━━ RECORDS FOR THE TASK
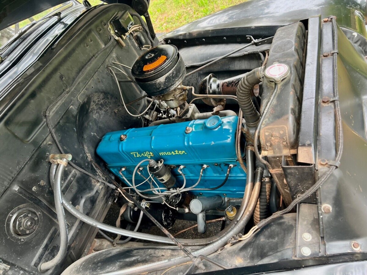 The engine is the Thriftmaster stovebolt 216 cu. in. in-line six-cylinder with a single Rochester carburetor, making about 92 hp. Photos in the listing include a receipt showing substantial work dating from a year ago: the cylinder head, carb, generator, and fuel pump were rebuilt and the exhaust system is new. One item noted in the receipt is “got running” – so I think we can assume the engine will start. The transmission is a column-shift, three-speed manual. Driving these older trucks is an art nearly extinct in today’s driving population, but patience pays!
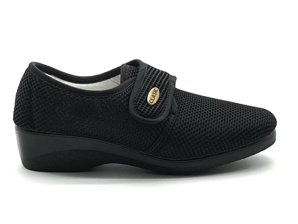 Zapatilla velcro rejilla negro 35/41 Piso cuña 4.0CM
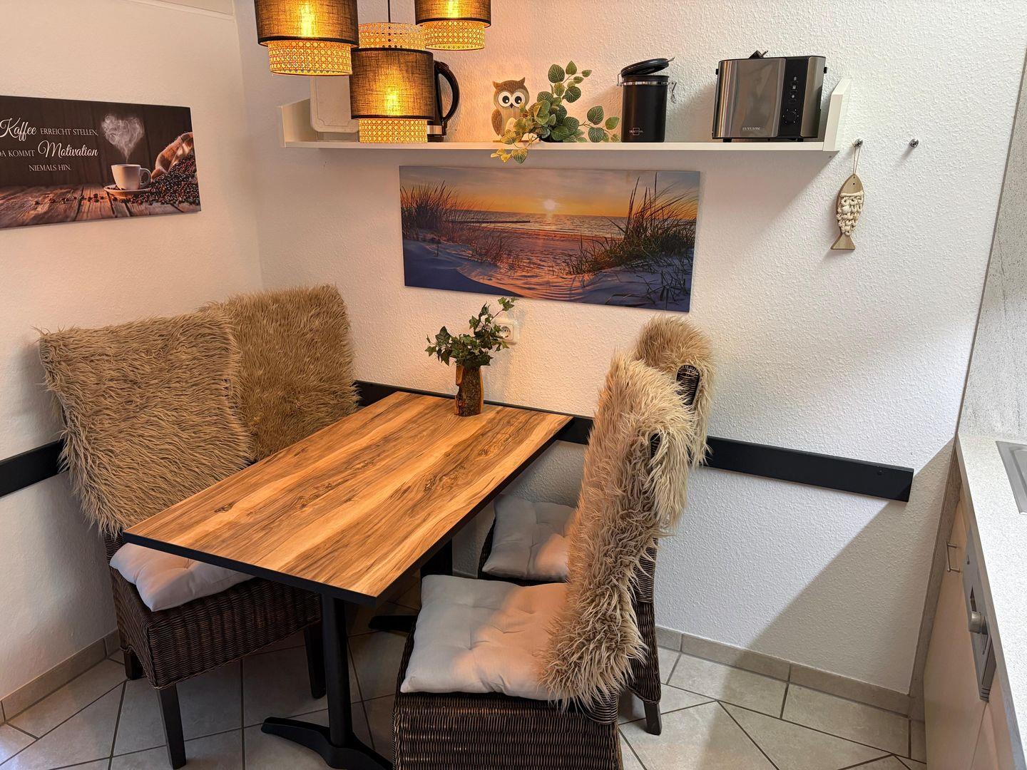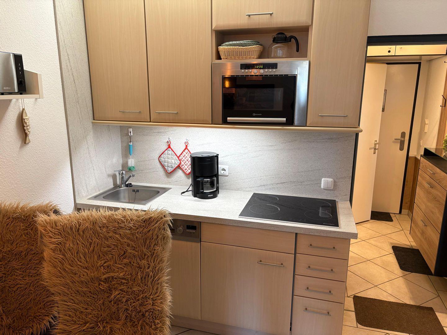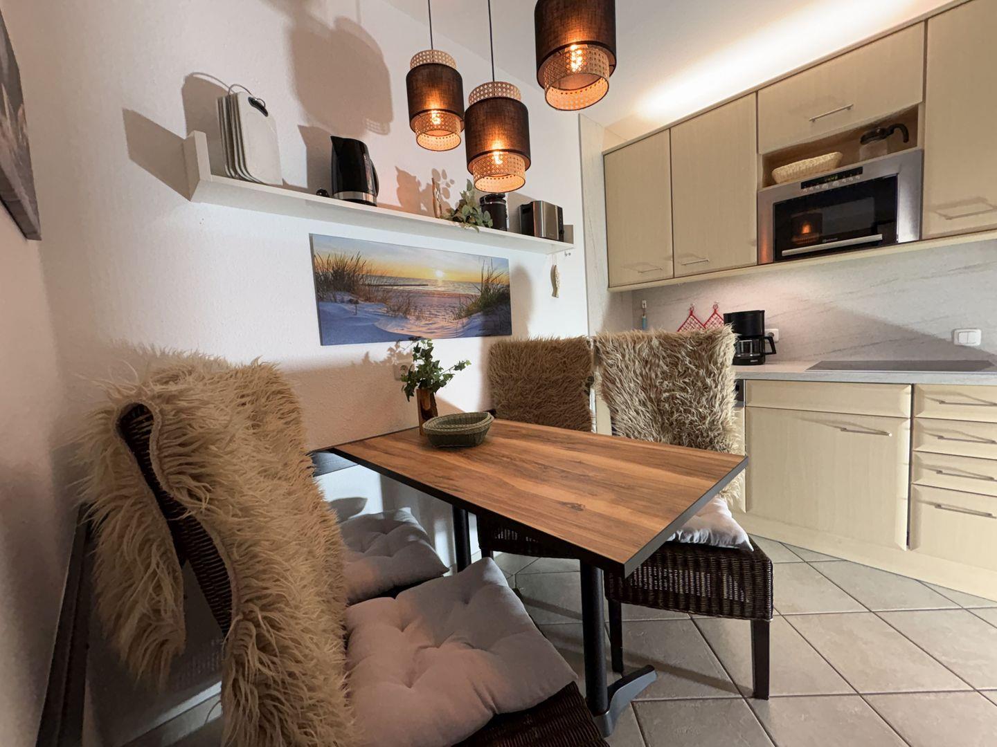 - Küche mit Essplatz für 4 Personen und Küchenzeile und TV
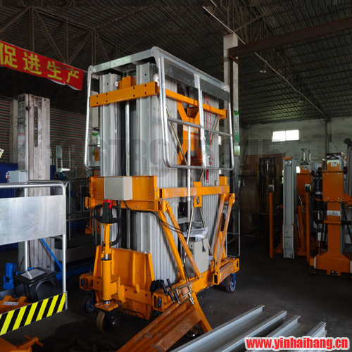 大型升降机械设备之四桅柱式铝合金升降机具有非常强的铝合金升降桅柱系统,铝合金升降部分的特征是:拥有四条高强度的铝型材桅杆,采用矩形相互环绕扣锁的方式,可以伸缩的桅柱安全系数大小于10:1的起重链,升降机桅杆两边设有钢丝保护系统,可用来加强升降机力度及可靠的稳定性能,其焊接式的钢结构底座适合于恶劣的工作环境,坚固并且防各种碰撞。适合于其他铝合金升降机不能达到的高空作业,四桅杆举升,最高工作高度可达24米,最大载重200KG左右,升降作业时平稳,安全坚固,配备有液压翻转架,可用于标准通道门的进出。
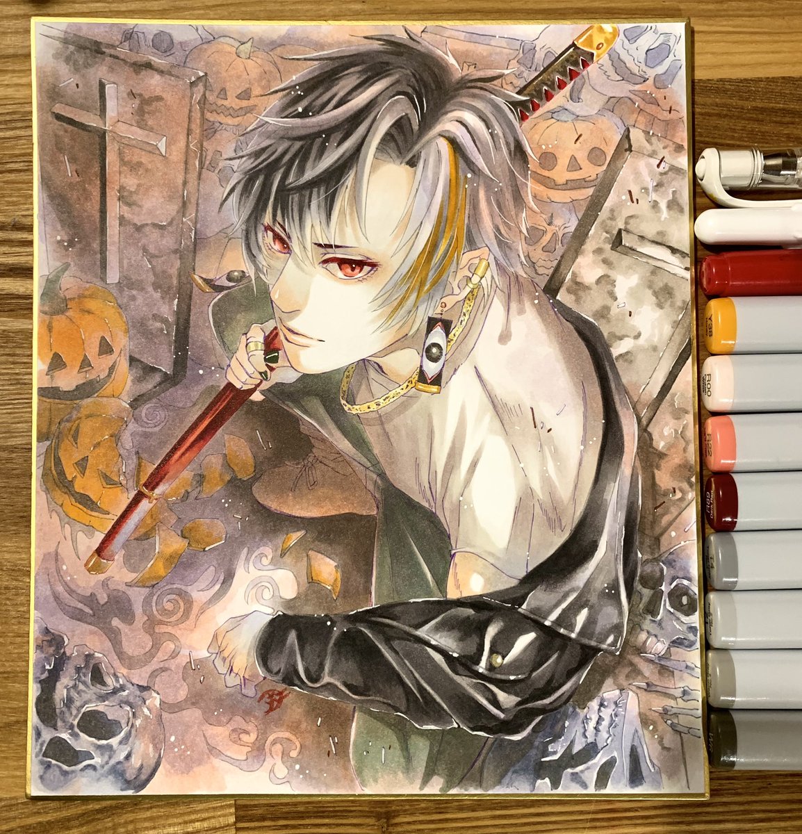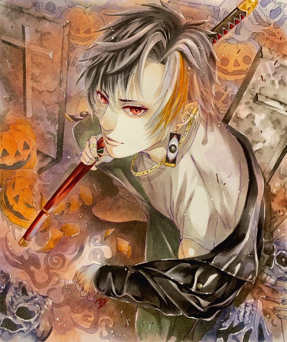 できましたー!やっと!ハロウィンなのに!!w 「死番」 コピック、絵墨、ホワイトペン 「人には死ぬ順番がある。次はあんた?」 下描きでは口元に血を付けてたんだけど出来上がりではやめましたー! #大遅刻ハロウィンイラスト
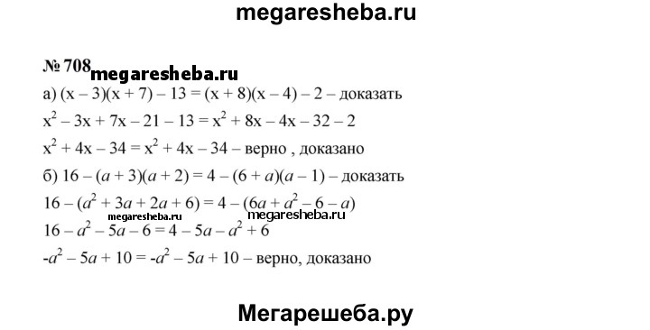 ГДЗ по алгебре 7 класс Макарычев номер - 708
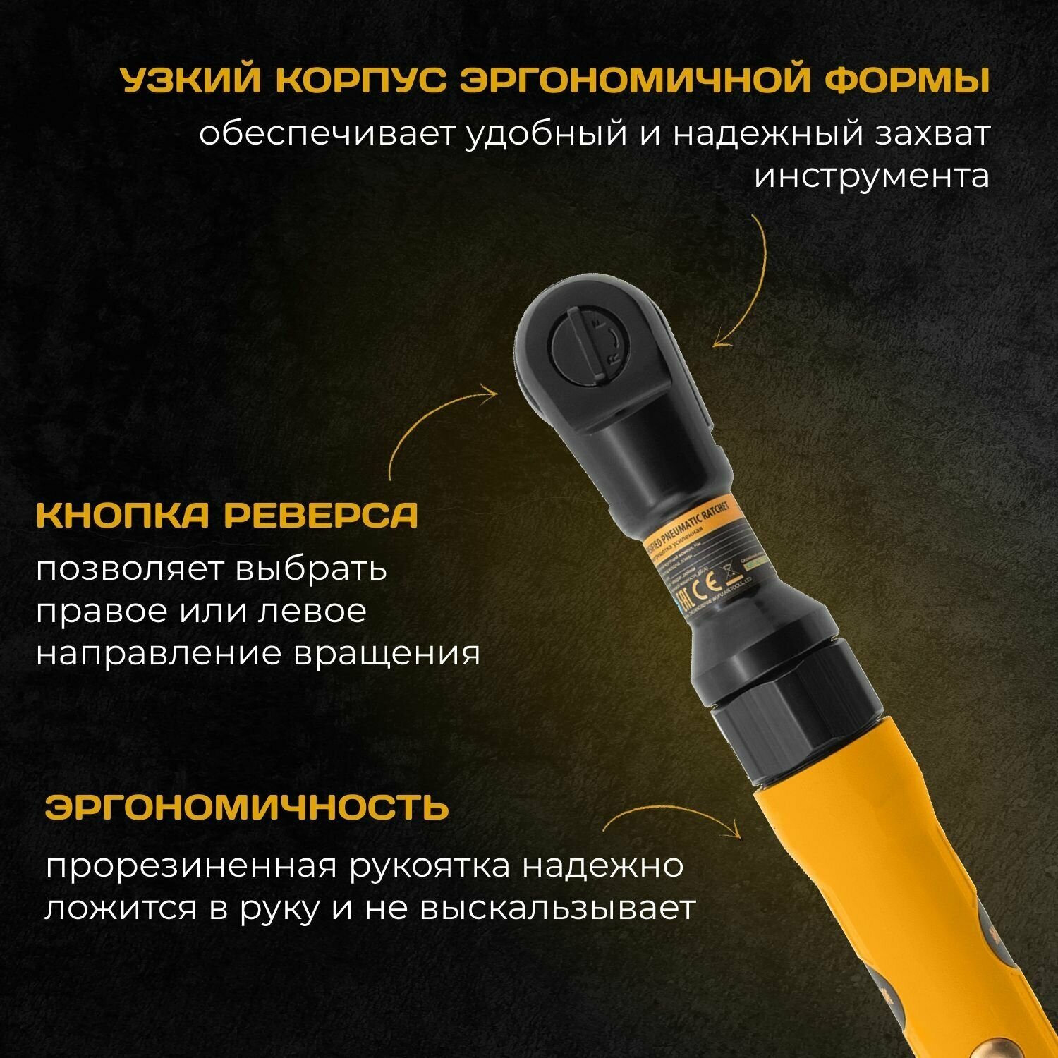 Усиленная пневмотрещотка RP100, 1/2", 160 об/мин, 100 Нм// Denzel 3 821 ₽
━━━━
| WHAT TO WORK ON |
The whole listing above must be set down again exactly, but without its images.

| YOUR RESPONSE |
 The engine is the Thriftmaster stovebolt 216 cu. in. in-line six-cylinder with a single Rochester carburetor, making about 92 hp. Photos in the listing include a receipt showing substantial work dating from a year ago: the cylinder head, carb, generator, and fuel pump were rebuilt and the exhaust system is new. One item noted in the receipt is “got running” – so I think we can assume the engine will start. The transmission is a column-shift, three-speed manual. Driving these older trucks is an art nearly extinct in today’s driving population, but patience pays!
 Zapatilla velcro rejilla negro 35/41 Piso cuña 4.0CM
 - Küche mit Essplatz für 4 Personen und Küchenzeile und TV
 大型升降机械设备之四桅柱式铝合金升降机具有非常强的铝合金升降桅柱系统,铝合金升降部分的特征是:拥有四条高强度的铝型材桅杆,采用矩形相互环绕扣锁的方式,可以伸缩的桅柱安全系数大小于10:1的起重链,升降机桅杆两边设有钢丝保护系统,可用来加强升降机力度及可靠的稳定性能,其焊接式的钢结构底座适合于恶劣的工作环境,坚固并且防各种碰撞。适合于其他铝合金升降机不能达到的高空作业,四桅杆举升,最高工作高度可达24米,最大载重200KG左右,升降作业时平稳,安全坚固,配备有液压翻转架,可用于标准通道门的进出。
 できましたー!やっと!ハロウィンなのに!!w 「死番」 コピック、絵墨、ホワイトペン 「人には死ぬ順番がある。次はあんた?」 下描きでは口元に血を付けてたんだけど出来上がりではやめましたー! #大遅刻ハロウィンイラスト
 ГДЗ по алгебре 7 класс Макарычев номер - 708
 Усиленная пневмотрещотка RP100, 1/2", 160 об/мин, 100 Нм// Denzel 3 821 ₽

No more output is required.